Respecting the fetus' exposure to radiation, Dr. Keller testified that there was "no known safe threshold for radiation exposure to a fetus." He acceded, however, that it was not a "forgone conclusion" that Baby Doe would have experienced difficulties due to his/her radiation exposure and that "[w]ith any individual fetus you won't be able to say, well, this is what would happen with this fetus." Dr. Keller could not quantify the increased risk to Baby Doe due to radiation exposure, nor could he quantify the amount of radiation Baby Doe was exposed to, though he testified that such quantification was possible through consultation with a physicist and geneticist. He stated, however, that there was "theoretically enough radiation [in this case] to cause a problem," citing to studies in which third-trimester fetuses experienced increased risks of childhood leukemia after only limited exposure to radiation. Moreover, had Williams elected to delay the surgery and to continue the pregnancy, she would have exposed Baby

864 N.E.2d 969

Doe to additional radiation through her ongoing treatment. Speaking generally, Dr. Keller identified the risks of fetal radiation exposure to be the incorrect development of organs and "childhood and adulthood malignancies."

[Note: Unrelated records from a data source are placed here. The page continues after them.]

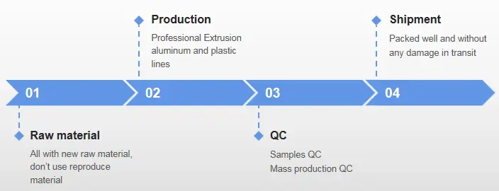 Kaip profesionalus LED aliuminio profilio ir LED plastikinių profilių gamintojas, JE visada sutelkia dėmesį į gaminių kvalifikaciją nuo aliuminio ir plastiko žaliavos iki ekstruzijos gamybos linijos, nuo mėginių kokybės kontrolės iki masinės gamybos kontrolės, nuo tvirtos tobulos pakuotės iki visapusiško aptarnavimo.
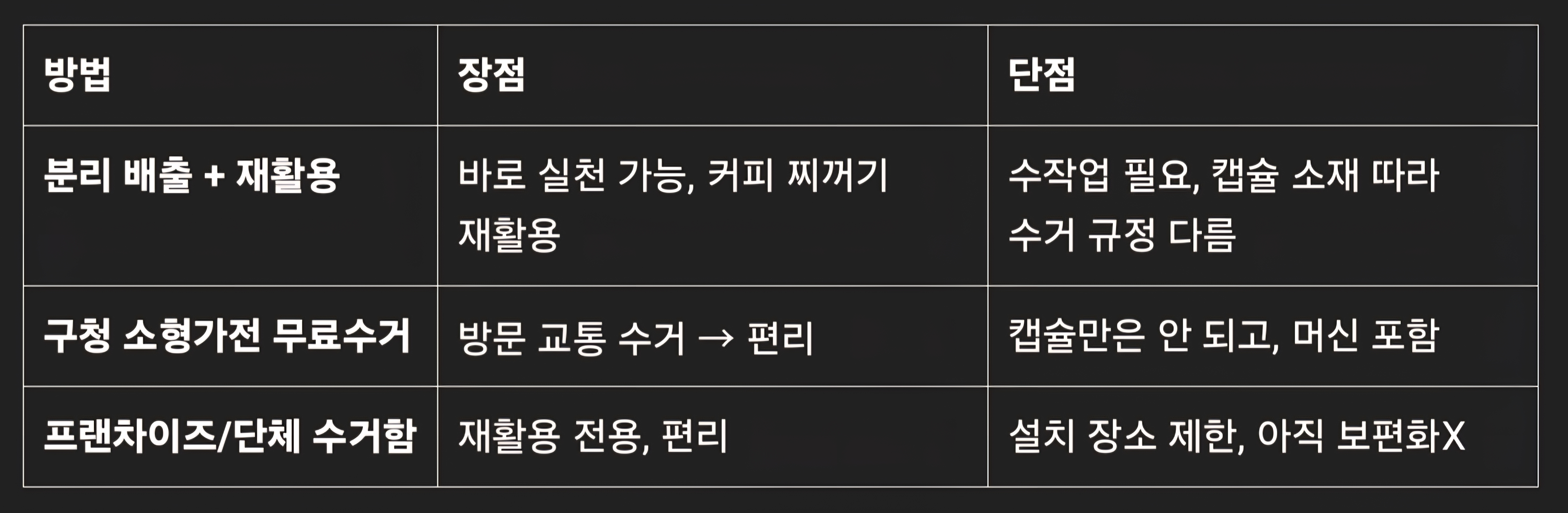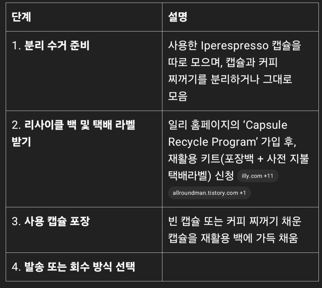 제휴 수거함: 일부 지역 매장에서 별도 수거함을 통해 회수 | | 5. 재활용 처리 | 수거된 플라스틱 캡슐은 재료로 재생되고, 커피 찌꺼기는 퇴비나 에너지 자원 등으로 전환 |
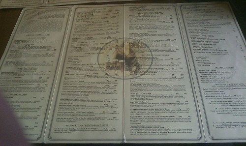 já - Už jsem říkal, že jídelní lístek mají laděný do staročesky vulgárního duchu, který mi není příjemný. Vybírat z kategorie "Masa kus pro bečkáře obžerný" mi opravdu není příjemné. Ale třeba to někoho baví. Samotné provedení jídelníčku se mi velmi líbilo. Jednalo se o velké kovové plato s papíry připevněné zboku do listovací podoby.
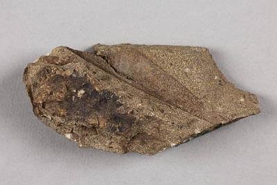 Отпечаток листа хвойного на породе. Лист ланцетовидный, жилки расходятся веером. Порода представлена крепко сцементированным среднезернистым песчаником серого цвета.
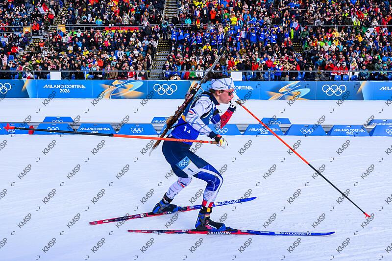 French Fans « Allez Les Bleus » support Julia Simon of team France as she competes and win Gold medal in Biathlon Mixed Relay 4x6km during the Olympic Games Milano Cortina 2026, at Anterselva Biathlon Arena, in Antholz-Anterselva, Italy, on February 08, 2026, Photo HAHN Lionel / KMSP
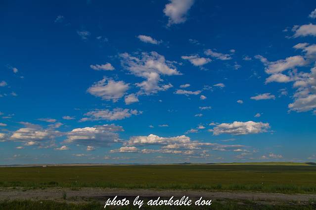 进入内蒙之后,天更蓝了,向远望全是一望无际的大草原~

At one point in his deposition, defense counsel asked Dr. Keller to decipher his consultation notes. In one note, Dr. Keller recorded "Patient would like to continue pregnancy but not at risk to her long-term outcome." In another, he wrote:

"Spoke with attending ortho. There is no guarantee of good outcome regardless of immediate surgery, delayed second trimester surgery, or expectant management. However, immediate surgery offers best chance for good long-term outcome.

Options are termination of pregnancy with immediate surgery after recovery, delay until second trimester which would decrease risk to fetus of drug radiation exposure, or immediate surgery with fetus at risk for both loss as well as...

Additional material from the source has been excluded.